Recognition that energy must be concentrated or organized in order to do work gives rise to an additional property of entropy: it is a measure of disorganization. But, is entropy a concept produced by reductionism?

More complete analyses of a thermodynamic system have superficial aspects of a reductionist approach. That is, envision a very large number of particles comprising a closed system, and “calculate” the motion of each individual particle as they interact with one another and the boundaries of the system. Very quickly it’s clear that calculating even just a few particles’ motion (speed and direction) as they interact with one another is beyond the capacity of not only a laptop computer, but also the super-most of supercomputers. So much for reductionism? Not so fast. A more complete theoretical analysis indicates that much of the motions in effect cancel each other out. No, the motion of each and every individual particle is beyond computational capability, but the collective properties of the ensemble of particles can be characterized: the thermodynamic properties of the system (if they are in equilibrium) are determinable: temperature, pressure, volume. Is thermodynamics a reductionist success?

Whether entropy is a consequence of reductionist science, it is, nevertheless, a scientific success. And, decades after Boltzmann and Gibbs, entropy emerged in a new guise, with implications beyond that of thermodynamics.

Information Entropy

Software companies with a large, diverse portfolio are challenged to meet customer expectations while efficiently utilizing the talents of designers, developers, and testers. Add in multiple development locations, outsourcing, multilevel integration, and competitors: software producers are faced with simultaneously juggling double-edge swords of complexity and uncertainty.

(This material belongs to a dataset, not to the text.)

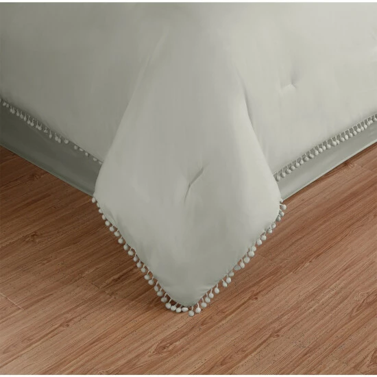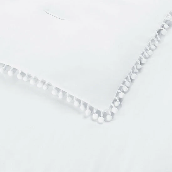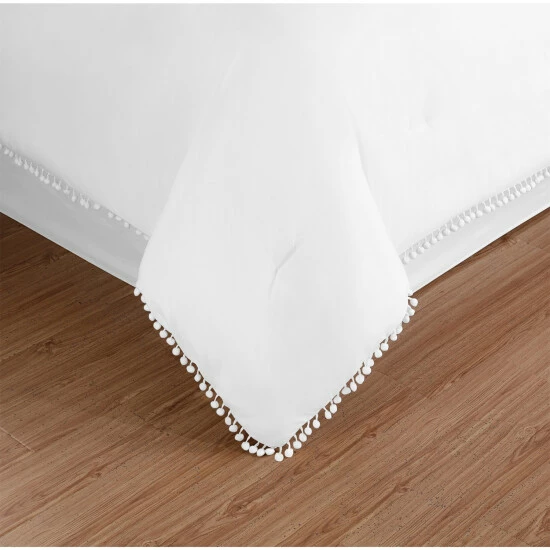 - Pattern: Fashionable and eye-catching fluffy pom-pom fringes on the sides of the comforter and pillow shams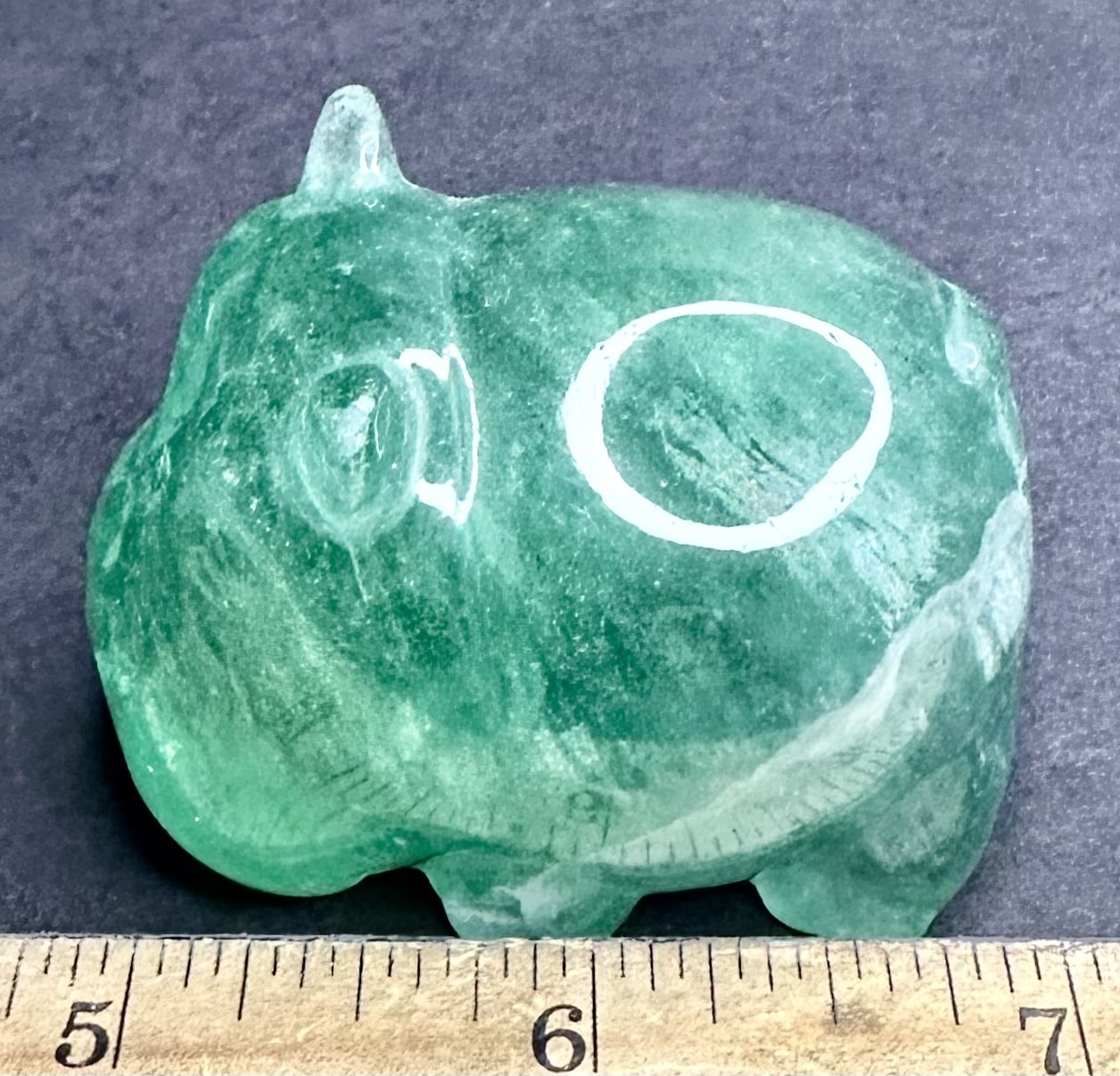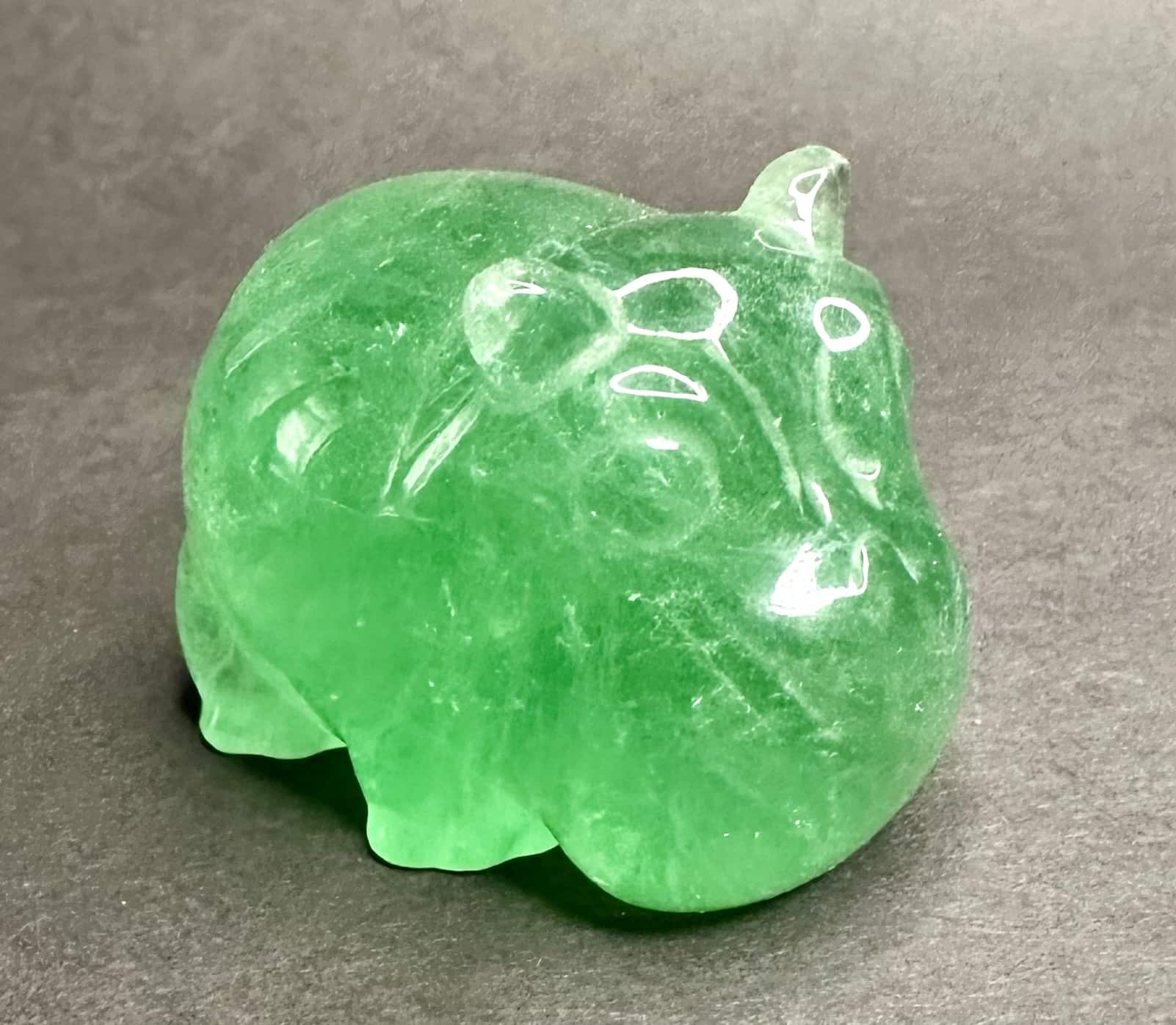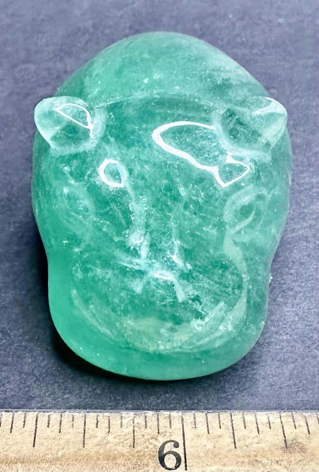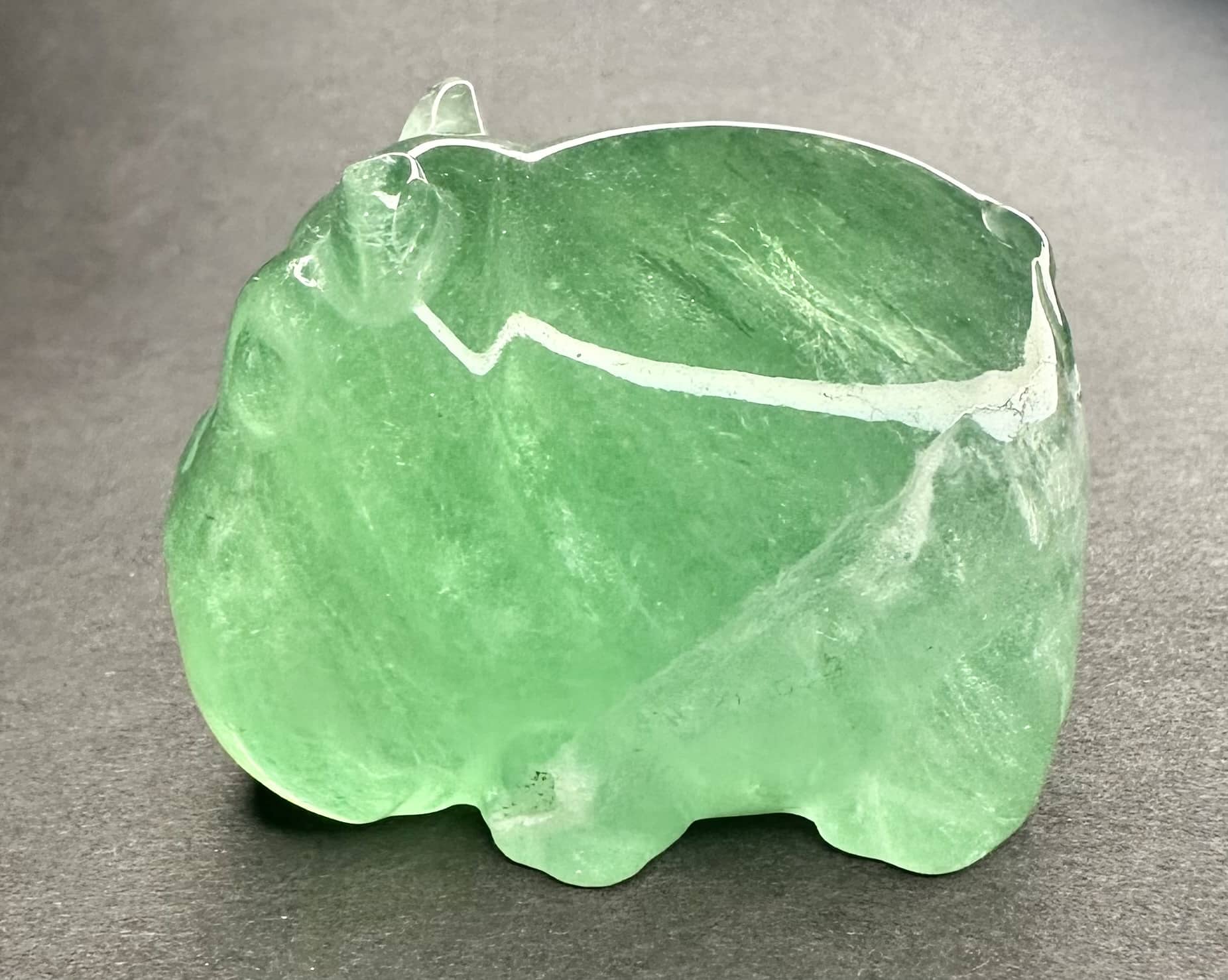 Selection: Carved and polished. Great emerald green color, clarity, inclusions and detail. Will fluoresce a bluish purple under a LW/UV light.

Complexity and uncertainty conjure two active areas of investigation over the past few decades, especially invoking the mysterious concept of entropy and the fascinating phenomena of fractals. Fractals are recognized as emergent phenomena in the midst of complexity theory – organized chaos. Entropy is primarily identified with increasing disorder in a closed system: the Second Law of Thermodynamics, and is homologously invoked in the context of information theory. Inferences by Edwin Jaynes, beginning in 1957 (in 1983 reference, below), of formal equivalence of Gibbs thermodynamic (statistical mechanical) and Shannon information entropy continue to be debated in diverse scientific and engineering fields.

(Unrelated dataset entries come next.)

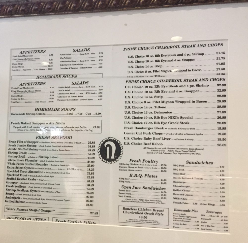Niki’s West Steak And Seafood Restaurant Menu (Update 2025)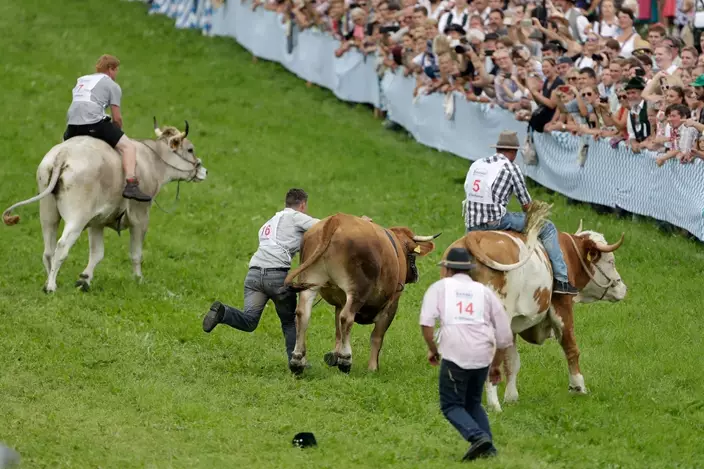 Farmers ride their bulls during the traditional bull race in the Bavarian village of Haunshofen near Starnberg, Germany, Sunday, Aug. 27, 2017. (AP Photo/Matthias Schrader)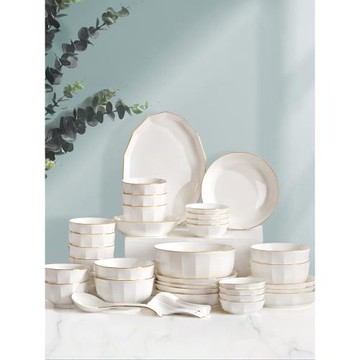 碗碟套裝家用輕奢金邊喬遷餐具碗筷組合高檔簡約碗盤創意陶瓷餐具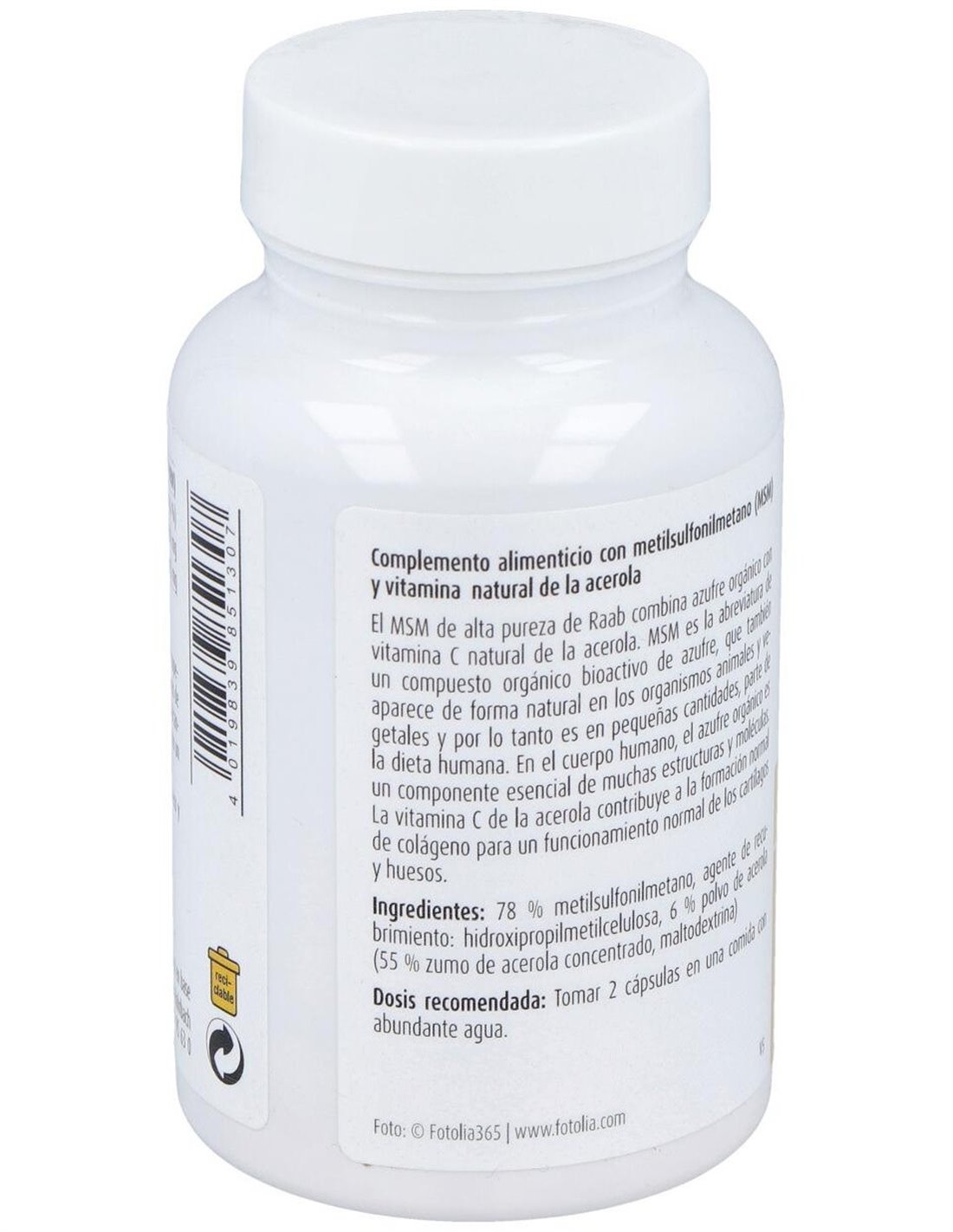 RAAB VITALFOODSuplemento dietético con metilsulfonilmetano (MSM) y vitamina C natural de acerola. Apto para veganos.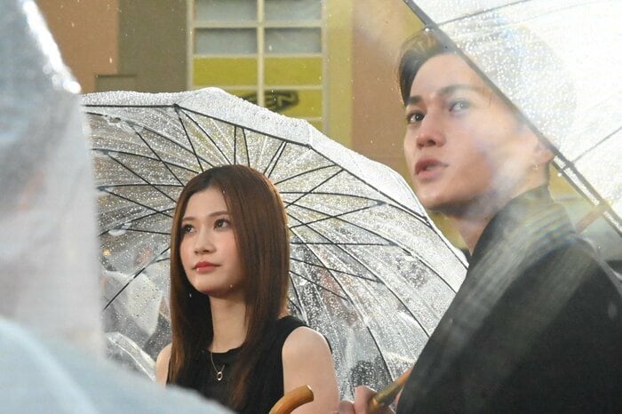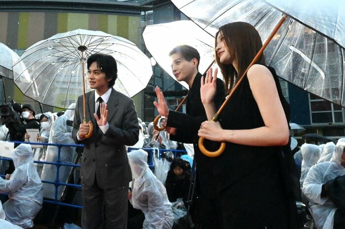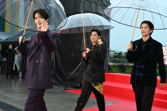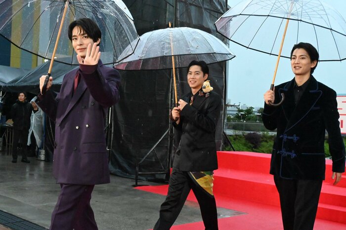 雨が降るなか夕方に行われたイベント。まず、目黒さん&高橋さん&横田さんが傘をさして登場すると、会場には「キャー!」という歓声が響きました。続いて塩野さん&渡邊さん&戸塚さん、そして八木さん&生見さん&北村さんも登場。集まった観客との交流を楽しみました。

Can the complexity and uncertainty that are inherent in software development acquire insight through recognition and application of entropy and fractals? More fundamentally, is there a relationship between entropy and fractals?

Sonnet Similarity

Human communication depends upon the comprehension of meaning. And, the ability to understand is a combination of the senses, experience, and memory. So much of reasoning relies on analogy. “What is she like?” Contrast two of Shakespeare’s sonnets:


Shall I compare thee to a summer's day?

Thou art more lovely and more temperate:

Rough winds do shake the darling buds of May,

And summer's lease hath all too short a date:

Sometime too hot the eye of heaven shines,

And often is his gold complexion dimmed,

And every fair from fair sometime declines,

By chance, or nature's changing course untrimmed:

But thy eternal summer shall not fade,

Nor lose possession of that fair thou ow'st,

Nor shall death brag thou wander'st in his shade,

When in eternal lines to time thou grow'st,

So long as men can breathe, or eyes can see,

So long lives this, and this gives life to thee.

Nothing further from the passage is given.